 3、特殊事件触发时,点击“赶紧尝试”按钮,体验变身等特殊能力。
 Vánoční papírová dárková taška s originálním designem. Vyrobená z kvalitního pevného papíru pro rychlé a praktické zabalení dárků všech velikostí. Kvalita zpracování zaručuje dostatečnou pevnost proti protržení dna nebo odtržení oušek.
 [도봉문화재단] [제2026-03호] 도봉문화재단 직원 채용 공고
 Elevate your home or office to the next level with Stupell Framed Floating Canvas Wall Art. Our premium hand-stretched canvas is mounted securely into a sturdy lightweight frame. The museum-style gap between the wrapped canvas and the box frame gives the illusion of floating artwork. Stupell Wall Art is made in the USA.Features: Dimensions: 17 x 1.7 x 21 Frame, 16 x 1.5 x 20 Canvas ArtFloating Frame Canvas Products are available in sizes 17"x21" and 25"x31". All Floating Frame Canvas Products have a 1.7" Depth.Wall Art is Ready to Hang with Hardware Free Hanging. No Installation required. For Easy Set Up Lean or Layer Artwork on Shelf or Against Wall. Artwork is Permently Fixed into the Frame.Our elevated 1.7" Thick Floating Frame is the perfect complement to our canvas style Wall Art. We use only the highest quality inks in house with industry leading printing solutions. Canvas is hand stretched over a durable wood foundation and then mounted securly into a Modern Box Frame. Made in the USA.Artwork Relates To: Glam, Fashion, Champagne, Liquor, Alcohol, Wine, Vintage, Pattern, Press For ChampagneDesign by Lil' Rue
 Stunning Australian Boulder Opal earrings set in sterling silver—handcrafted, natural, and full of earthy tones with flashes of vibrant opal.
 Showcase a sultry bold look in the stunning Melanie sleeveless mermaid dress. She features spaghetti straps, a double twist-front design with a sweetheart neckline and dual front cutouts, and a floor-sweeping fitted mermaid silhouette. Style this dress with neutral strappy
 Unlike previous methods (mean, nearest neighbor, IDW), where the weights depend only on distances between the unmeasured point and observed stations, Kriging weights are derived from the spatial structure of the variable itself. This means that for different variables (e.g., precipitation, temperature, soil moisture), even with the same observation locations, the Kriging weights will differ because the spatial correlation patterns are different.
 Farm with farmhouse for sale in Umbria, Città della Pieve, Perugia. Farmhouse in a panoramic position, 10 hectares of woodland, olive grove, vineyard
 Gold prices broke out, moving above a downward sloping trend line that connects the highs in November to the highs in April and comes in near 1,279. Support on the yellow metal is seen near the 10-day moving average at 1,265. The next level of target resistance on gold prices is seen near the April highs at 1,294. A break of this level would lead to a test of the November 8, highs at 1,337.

__TASK ITEM__. Set down the data above once more so that nothing differs from the original.

__FINISHED TASK__.
 3、特殊事件触发时,点击“赶紧尝试”按钮,体验变身等特殊能力。
 Vánoční papírová dárková taška s originálním designem. Vyrobená z kvalitního pevného papíru pro rychlé a praktické zabalení dárků všech velikostí. Kvalita zpracování zaručuje dostatečnou pevnost proti protržení dna nebo odtržení oušek.
 [도봉문화재단] [제2026-03호] 도봉문화재단 직원 채용 공고
 Elevate your home or office to the next level with Stupell Framed Floating Canvas Wall Art. Our premium hand-stretched canvas is mounted securely into a sturdy lightweight frame. The museum-style gap between the wrapped canvas and the box frame gives the illusion of floating artwork. Stupell Wall Art is made in the USA.Features: Dimensions: 17 x 1.7 x 21 Frame, 16 x 1.5 x 20 Canvas ArtFloating Frame Canvas Products are available in sizes 17"x21" and 25"x31". All Floating Frame Canvas Products have a 1.7" Depth.Wall Art is Ready to Hang with Hardware Free Hanging. No Installation required. For Easy Set Up Lean or Layer Artwork on Shelf or Against Wall. Artwork is Permently Fixed into the Frame.Our elevated 1.7" Thick Floating Frame is the perfect complement to our canvas style Wall Art. We use only the highest quality inks in house with industry leading printing solutions. Canvas is hand stretched over a durable wood foundation and then mounted securly into a Modern Box Frame. Made in the USA.Artwork Relates To: Glam, Fashion, Champagne, Liquor, Alcohol, Wine, Vintage, Pattern, Press For ChampagneDesign by Lil' Rue
 Stunning Australian Boulder Opal earrings set in sterling silver—handcrafted, natural, and full of earthy tones with flashes of vibrant opal.
 Showcase a sultry bold look in the stunning Melanie sleeveless mermaid dress. She features spaghetti straps, a double twist-front design with a sweetheart neckline and dual front cutouts, and a floor-sweeping fitted mermaid silhouette. Style this dress with neutral strappy
 Unlike previous methods (mean, nearest neighbor, IDW), where the weights depend only on distances between the unmeasured point and observed stations, Kriging weights are derived from the spatial structure of the variable itself. This means that for different variables (e.g., precipitation, temperature, soil moisture), even with the same observation locations, the Kriging weights will differ because the spatial correlation patterns are different.
 Farm with farmhouse for sale in Umbria, Città della Pieve, Perugia. Farmhouse in a panoramic position, 10 hectares of woodland, olive grove, vineyard
 Gold prices broke out, moving above a downward sloping trend line that connects the highs in November to the highs in April and comes in near 1,279. Support on the yellow metal is seen near the 10-day moving average at 1,265. The next level of target resistance on gold prices is seen near the April highs at 1,294. A break of this level would lead to a test of the November 8, highs at 1,337.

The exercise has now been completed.